(Saved entries)
================
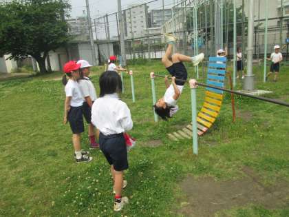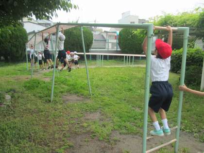 鉄棒で前回りや逆上がりをしたり、上り棒にしがみついて一番上まで上ったり、ジャングルジムや肋木に上がって移動したり、雲梯にぶら下がってジャンケンゲームをしたり。
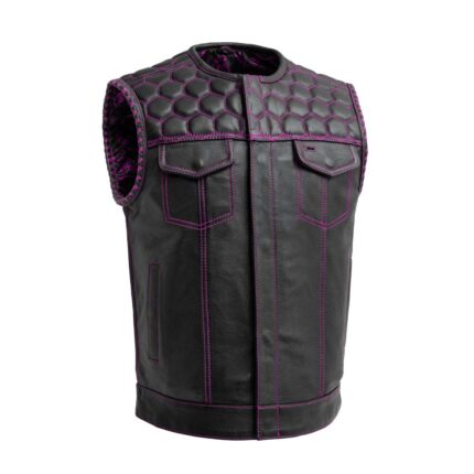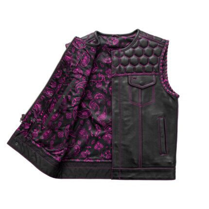 Men’s Leather Vest Purple paisley lining & Purple Thread Concealed Waistcoat
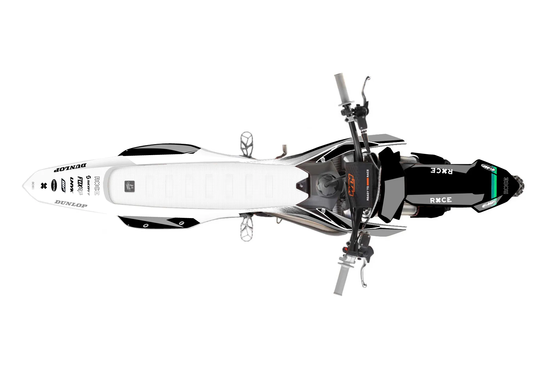 «Champ» — готовый комплект графики серии Maverick для KTM MX Graphic Kit KTM SX 150 2023. В комплекте: графика на бак и боковые облицовки, крылья (переднее и заднее), передний щиток, номерные таблички, защита вилки. Материал: ПВХ-винил 80 мкр с холодной ламинацией 300 мкр, общая толщина 380 мкр; покрытие глянцевое или матовое на выбор. Устойчив к UV-излучению, воде, бензину и мойке высокого давления. Клей акриловый на сольвентной основе — постоянный, для гибких пластиков. На простых поверхностях монтируется без нагрева; для сложных изгибов рекомендуем фен. Этот пресет можно заказать как есть или взять за основу в конструкторе: поменять цвета, добавить стартовый номер и свой бренд. Производство — 3–5 рабочих дней, доставка по России СДЭКом или Почтой, по СНГ — курьерскими службами.
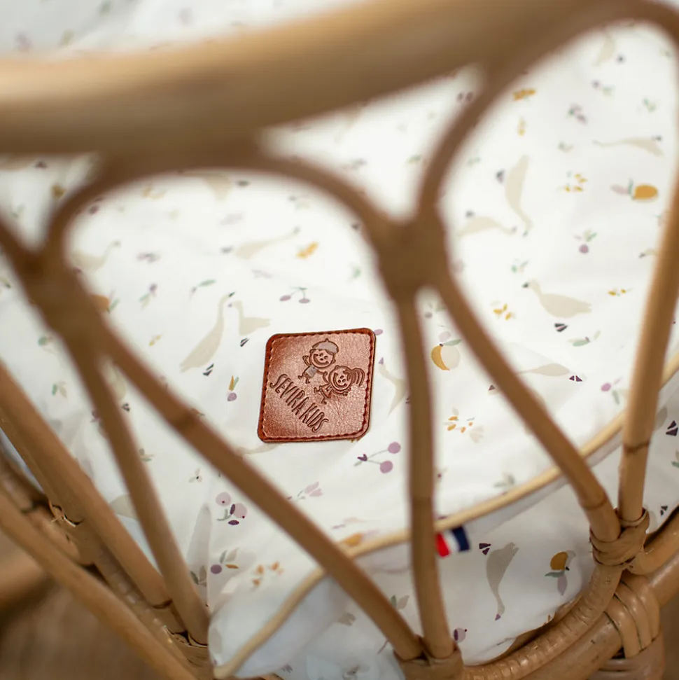 Préparez l’arrivée de bébé avec un ensemble de linge de lit doux et raffiné – Fabrication françaiseOffrez à votre bébé un cocon de douceur dès ses premiers jours avec cet ensemble couverture et coussin plat, conçu pour les couffins, berceaux et paniers Moïse. Issu de la Collection Sidonia de Sevira Kids, ce modèle réversible associe un coton imprimé au motif délicat de petites oies, baies et fleurs minimalistes à l’esprit champêtre d’un côté, et une gaze de coton unie de l’autre. Une combinaison parfaite pour allier élégance, douceur et respirabilité.Idéal pour compléter une liste de naissance ou offrir un cadeau de naissance unique, cet ensemble accompagnera bébé dans ses moments de repos tout en ajoutant une touche décorative raffinée à son espace. Son tissu certifié garantit une qualité irréprochable et respecte la peau sensible des nouveau-nés.Pourquoi choisir l’ensemble couverture et coussin Sidonia ?Réversible et délicat : Un côté en coton imprimé champêtre pour une touche élégante et poétique, et un côté en gaze de coton unie pour un confort ultra doux.Confort toute l’année : La couverture est légèrement ouatinée, idéale pour assurer chaleur et douceur à bébé quelle que soit la saison.Adapté aux petits couchages : Convient aux couffins, berceaux, paniers Moïse et landaus, offrant un sommeil paisible et sécurisé.Fabrication française : Conçu avec soin dans nos ateliers en France, avec des matières de haute qualité et un savoir-faire artisanal
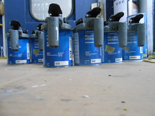 作業場の片隅に並ぶ塗料缶たち。毎朝、スタッフが一つひとつ手に取り、
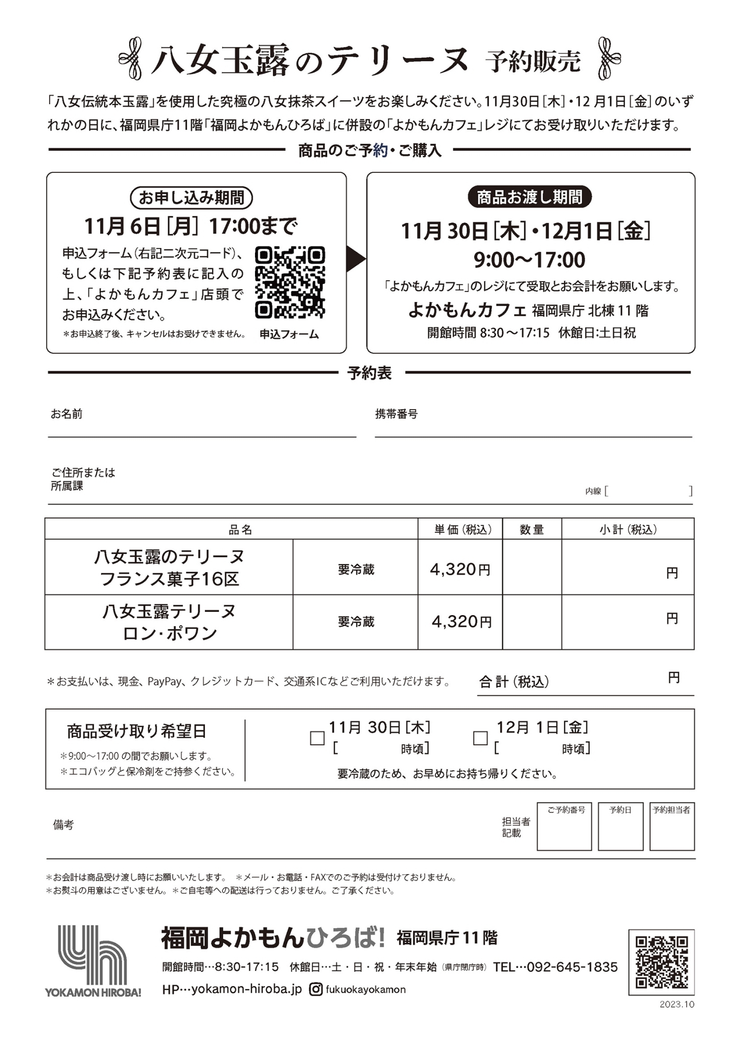 11月30日[木]・12 月1日[金]のいずれかの日に、福岡県庁11階「福岡よかもんひろば」に併設の「よかもんカフェ」レジにてお受け取りいただけます。
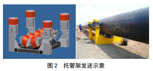采用托管架發(fā)送道時(shí)需要管道滿(mǎn)足彎曲曲率,并能順利進(jìn)入鉆孔。托管架的強度、剛度和穩定性除在預制過(guò)程中滿(mǎn)足設計要求外,還應在現場(chǎng)安裝過(guò)程中保證托管架基礎的穩定性,在送管過(guò)程中,托管架不能傾倒,托管架傾倒可能損傷管道防腐層,甚至出現卡管,回拖無(wú)法進(jìn)行(圖 2)。
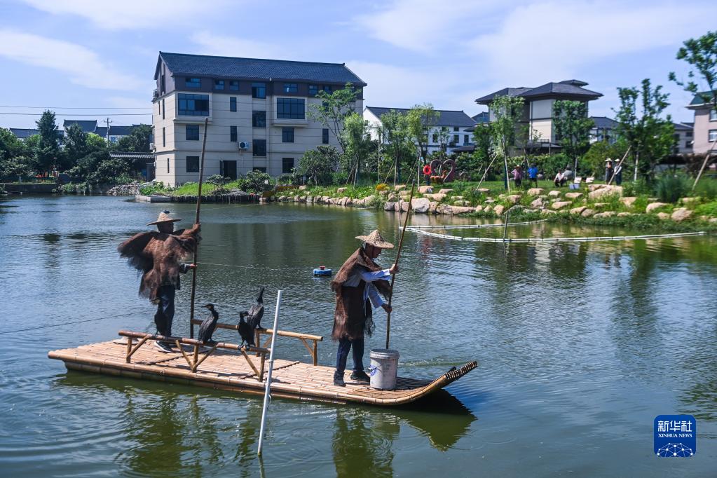 6月28日,在塘棲鎮丁河村共富工坊旁的河塘里,村民和游客們在觀(guān)看鸕鶿捕魚(yú)表演。
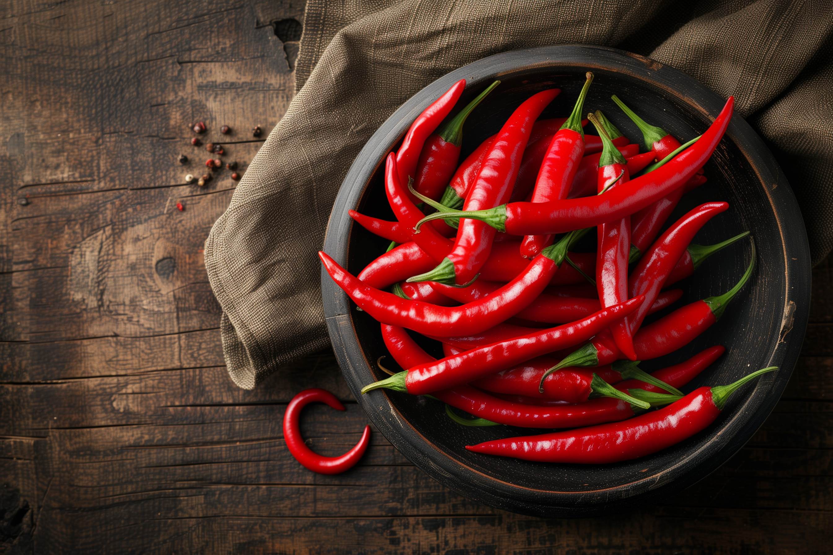 Dieses Foto zeigt eine Nahaufnahme von roten Chilischoten, die in einer schwarzen Schüssel auf einem rustikalen Holzuntergrund platziert sind. Die frischen und knackigen Chilischoten heben sich kontrastreich von dem dunklen Holzton ab und verleihen der Szene eine lebendige und appetitliche Ausstrahlung. Die Chilischoten können als natürliche, gesunde Zutat für die Küche eingesetzt werden, etwa zum Würzen von Speisen oder für den Einsatz in Salaten oder Smoothies. Das Foto ist ideal als kostenloses Stockfoto in hoher Auflösung für Blogs, Newsletter, Social-Media-Beiträge oder Werbematerialien geeignet und steht unter einer Creative-Commons-Lizenz zur Verfügung.
================
# [What is required]
When you copy the data, keep every line exact and leave out each picture.

# [Task response]
 鉄棒で前回りや逆上がりをしたり、上り棒にしがみついて一番上まで上ったり、ジャングルジムや肋木に上がって移動したり、雲梯にぶら下がってジャンケンゲームをしたり。
 Men’s Leather Vest Purple paisley lining & Purple Thread Concealed Waistcoat
 «Champ» — готовый комплект графики серии Maverick для KTM MX Graphic Kit KTM SX 150 2023. В комплекте: графика на бак и боковые облицовки, крылья (переднее и заднее), передний щиток, номерные таблички, защита вилки. Материал: ПВХ-винил 80 мкр с холодной ламинацией 300 мкр, общая толщина 380 мкр; покрытие глянцевое или матовое на выбор. Устойчив к UV-излучению, воде, бензину и мойке высокого давления. Клей акриловый на сольвентной основе — постоянный, для гибких пластиков. На простых поверхностях монтируется без нагрева; для сложных изгибов рекомендуем фен. Этот пресет можно заказать как есть или взять за основу в конструкторе: поменять цвета, добавить стартовый номер и свой бренд. Производство — 3–5 рабочих дней, доставка по России СДЭКом или Почтой, по СНГ — курьерскими службами.
 Préparez l’arrivée de bébé avec un ensemble de linge de lit doux et raffiné – Fabrication françaiseOffrez à votre bébé un cocon de douceur dès ses premiers jours avec cet ensemble couverture et coussin plat, conçu pour les couffins, berceaux et paniers Moïse. Issu de la Collection Sidonia de Sevira Kids, ce modèle réversible associe un coton imprimé au motif délicat de petites oies, baies et fleurs minimalistes à l’esprit champêtre d’un côté, et une gaze de coton unie de l’autre. Une combinaison parfaite pour allier élégance, douceur et respirabilité.Idéal pour compléter une liste de naissance ou offrir un cadeau de naissance unique, cet ensemble accompagnera bébé dans ses moments de repos tout en ajoutant une touche décorative raffinée à son espace. Son tissu certifié garantit une qualité irréprochable et respecte la peau sensible des nouveau-nés.Pourquoi choisir l’ensemble couverture et coussin Sidonia ?Réversible et délicat : Un côté en coton imprimé champêtre pour une touche élégante et poétique, et un côté en gaze de coton unie pour un confort ultra doux.Confort toute l’année : La couverture est légèrement ouatinée, idéale pour assurer chaleur et douceur à bébé quelle que soit la saison.Adapté aux petits couchages : Convient aux couffins, berceaux, paniers Moïse et landaus, offrant un sommeil paisible et sécurisé.Fabrication française : Conçu avec soin dans nos ateliers en France, avec des matières de haute qualité et un savoir-faire artisanal
 作業場の片隅に並ぶ塗料缶たち。毎朝、スタッフが一つひとつ手に取り、
 11月30日[木]・12 月1日[金]のいずれかの日に、福岡県庁11階「福岡よかもんひろば」に併設の「よかもんカフェ」レジにてお受け取りいただけます。
采用托管架發(fā)送道時(shí)需要管道滿(mǎn)足彎曲曲率,并能順利進(jìn)入鉆孔。托管架的強度、剛度和穩定性除在預制過(guò)程中滿(mǎn)足設計要求外,還應在現場(chǎng)安裝過(guò)程中保證托管架基礎的穩定性,在送管過(guò)程中,托管架不能傾倒,托管架傾倒可能損傷管道防腐層,甚至出現卡管,回拖無(wú)法進(jìn)行(圖 2)。
 6月28日,在塘棲鎮丁河村共富工坊旁的河塘里,村民和游客們在觀(guān)看鸕鶿捕魚(yú)表演。
 Dieses Foto zeigt eine Nahaufnahme von roten Chilischoten, die in einer schwarzen Schüssel auf einem rustikalen Holzuntergrund platziert sind. Die frischen und knackigen Chilischoten heben sich kontrastreich von dem dunklen Holzton ab und verleihen der Szene eine lebendige und appetitliche Ausstrahlung. Die Chilischoten können als natürliche, gesunde Zutat für die Küche eingesetzt werden, etwa zum Würzen von Speisen oder für den Einsatz in Salaten oder Smoothies. Das Foto ist ideal als kostenloses Stockfoto in hoher Auflösung für Blogs, Newsletter, Social-Media-Beiträge oder Werbematerialien geeignet und steht unter einer Creative-Commons-Lizenz zur Verfügung.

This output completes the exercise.